▼

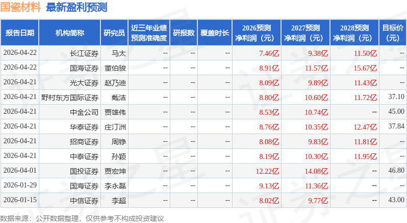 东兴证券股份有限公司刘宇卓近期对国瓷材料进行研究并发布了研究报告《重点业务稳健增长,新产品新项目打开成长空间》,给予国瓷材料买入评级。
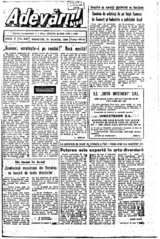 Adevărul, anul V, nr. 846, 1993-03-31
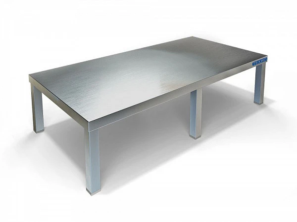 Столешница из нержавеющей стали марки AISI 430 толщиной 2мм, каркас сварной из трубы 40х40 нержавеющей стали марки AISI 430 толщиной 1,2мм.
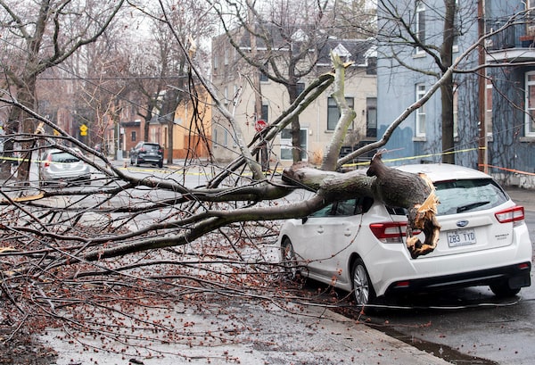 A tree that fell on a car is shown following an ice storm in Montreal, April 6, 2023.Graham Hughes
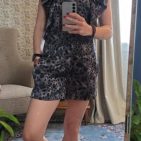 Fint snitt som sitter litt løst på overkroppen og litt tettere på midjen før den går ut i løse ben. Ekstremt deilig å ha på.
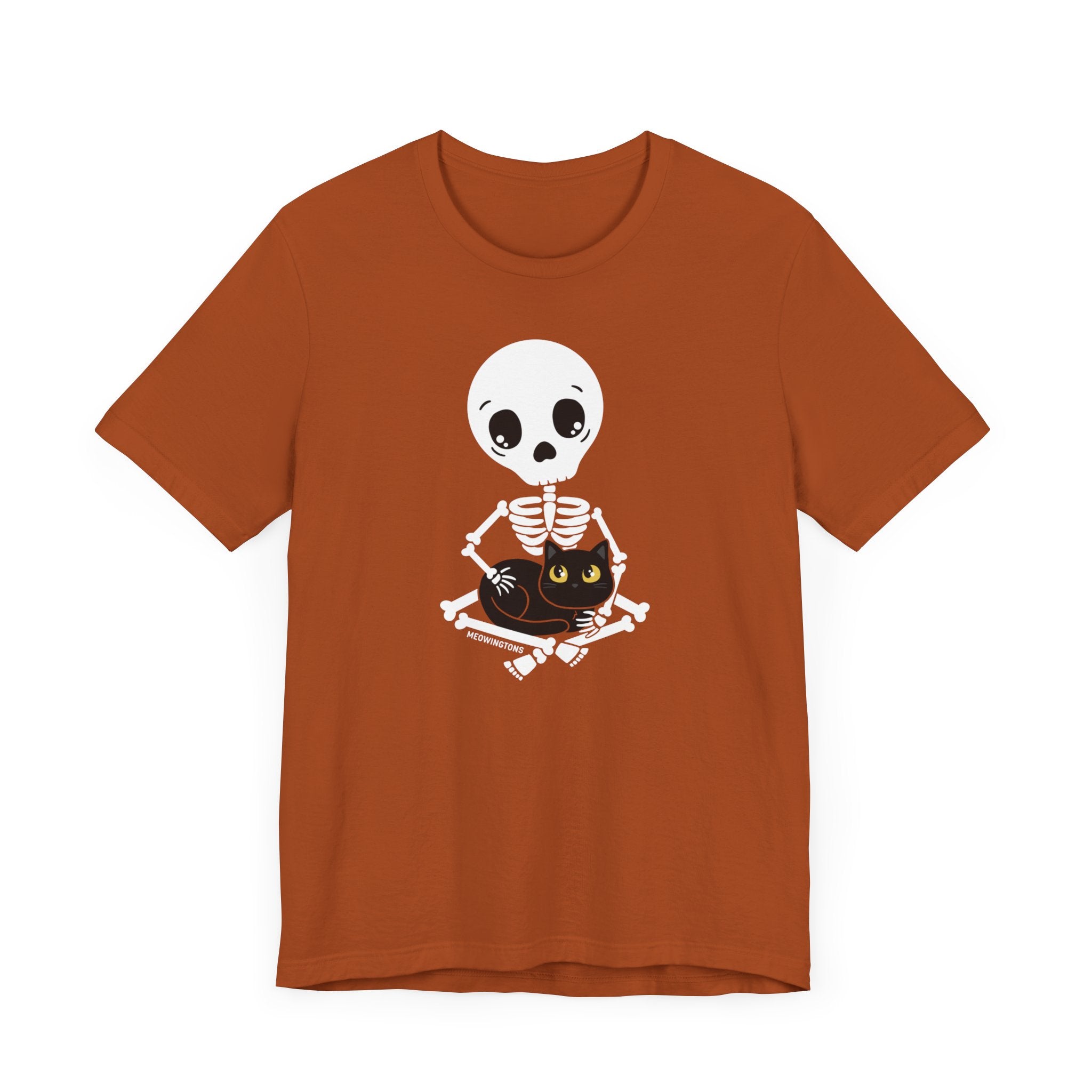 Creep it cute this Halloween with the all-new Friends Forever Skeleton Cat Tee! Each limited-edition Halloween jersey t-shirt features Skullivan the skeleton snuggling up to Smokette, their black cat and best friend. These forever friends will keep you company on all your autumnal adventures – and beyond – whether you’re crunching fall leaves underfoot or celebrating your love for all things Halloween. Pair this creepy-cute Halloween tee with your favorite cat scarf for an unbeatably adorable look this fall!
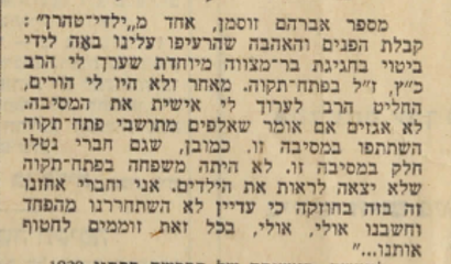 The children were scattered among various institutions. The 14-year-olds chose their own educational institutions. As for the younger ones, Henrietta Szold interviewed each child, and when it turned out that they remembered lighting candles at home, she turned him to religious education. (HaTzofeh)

▲
▼

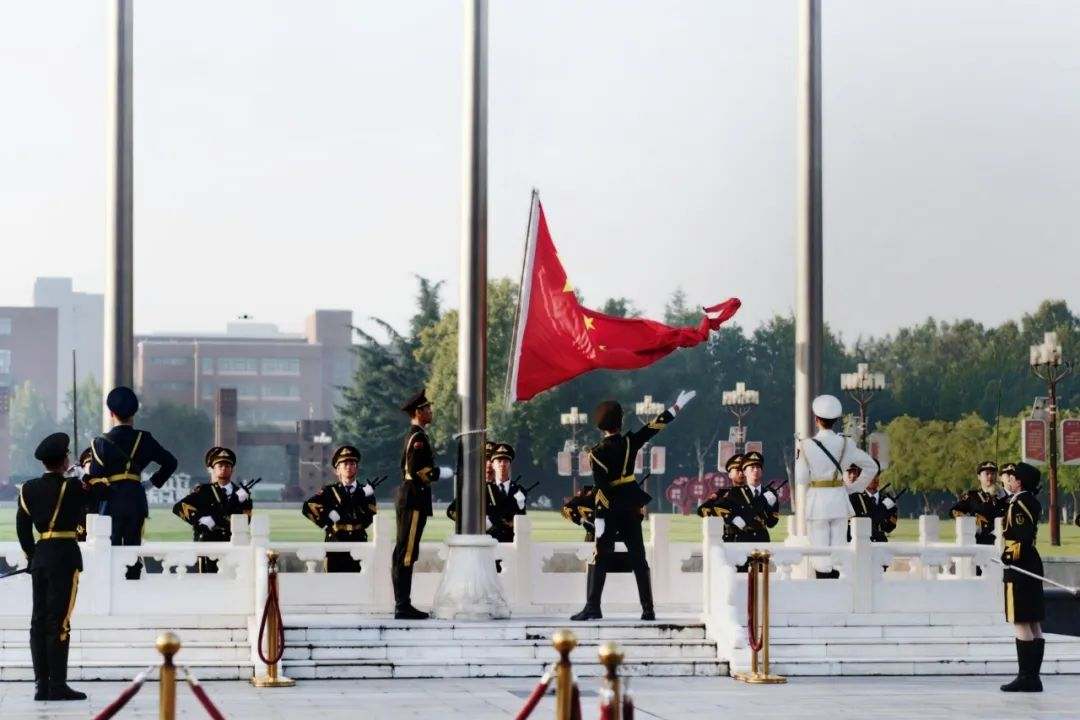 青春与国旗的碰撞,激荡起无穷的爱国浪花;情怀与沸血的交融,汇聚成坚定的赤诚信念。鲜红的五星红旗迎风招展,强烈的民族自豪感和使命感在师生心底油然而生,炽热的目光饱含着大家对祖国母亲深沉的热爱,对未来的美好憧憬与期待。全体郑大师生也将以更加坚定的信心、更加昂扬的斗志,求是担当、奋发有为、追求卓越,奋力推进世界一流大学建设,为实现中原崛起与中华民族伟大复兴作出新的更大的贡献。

▲

Leave out every picture, and copy exactly the lines above starting at the one holding "Fint snitt som" and ending at the one holding "The children were", no more and no less.

 Fint snitt som sitter litt løst på overkroppen og litt tettere på midjen før den går ut i løse ben. Ekstremt deilig å ha på.
 Creep it cute this Halloween with the all-new Friends Forever Skeleton Cat Tee! Each limited-edition Halloween jersey t-shirt features Skullivan the skeleton snuggling up to Smokette, their black cat and best friend. These forever friends will keep you company on all your autumnal adventures – and beyond – whether you’re crunching fall leaves underfoot or celebrating your love for all things Halloween. Pair this creepy-cute Halloween tee with your favorite cat scarf for an unbeatably adorable look this fall!
 The children were scattered among various institutions. The 14-year-olds chose their own educational institutions. As for the younger ones, Henrietta Szold interviewed each child, and when it turned out that they remembered lighting candles at home, she turned him to religious education. (HaTzofeh)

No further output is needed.